AceCoder: Acing Coder RL via Automated Test-Case Synthesis¶

Conference: ACL 2025
arXiv: 2502.01718
Code: https://tiger-ai-lab.github.io/AceCoder
Area: Other
Keywords: Code Generation, Reinforcement Learning, Reward Model, test case synthesis, R1-style training

TL;DR¶

The study constructs AceCode-87K (87K coding problems + 1.38M automatically synthesized test cases) to train a code-specific Reward Model (the 7B model outperforms the 340B Nemotron). Best-of-N sampling improves Llama-3.1-8B by 8.9 points on average. Direct R1-style RL from a base model for only 80 steps improves HumanEval+ by 22.5%.

Background & Motivation¶

Background: Code generation models primarily rely on SFT for improvements, while the potential of RL remains under-explored. The success of RL in mathematics (such as DeepSeek-R1) suggests that the coding domain can also benefit.
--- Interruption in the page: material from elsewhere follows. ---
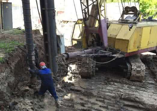 Суть этого способа в предварительном бурении ведущей скважины, которая делается диаметром меньше, чем диаметр завинчиваемой трубы, на которую заранее наваривают спираль. Например, для труб диаметром в 300 мм делают отверстия диаметром 275 мм. Дыры бурятся шнеком, закрепленным на буровом вращателе, затем шнек снимают, на его место ставят трубу с резьбой и ввинчивают ее в отверстие. Забуривание трубчатого шпунта позволяет сделать конструкцию максимально прочной и надежной.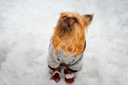 Small shaggy brown dog on the white snow in winter day. Pet Brussels Griffon on a walk outdoors

Limitations of Prior Work: (1) Code evaluation requires executing test cases (unlike mathematics, which can rely on direct string matching), leading to a lack of reliable reward signals; (2) Large-scale coding datasets with test cases are scarce—APPS/TACO rely on manual annotation, and previous RL works were limited to <5K samples.

Key Challenge: Existing general reward models (such as Skywork) fail to generalize to code evaluation, whereas manual annotation of test cases is too costly to scale.

Goal: Establish an automated pipeline to generate large-scale, reliable test cases from code datasets → train a code-specific RM → utilize the RM for Best-of-N sampling or RL.

Key Insight: Batch "imagining" test cases using GPT-4o-mini combined with execution filtering by a strong code model yields low-cost, high-quality, and large-scale test data.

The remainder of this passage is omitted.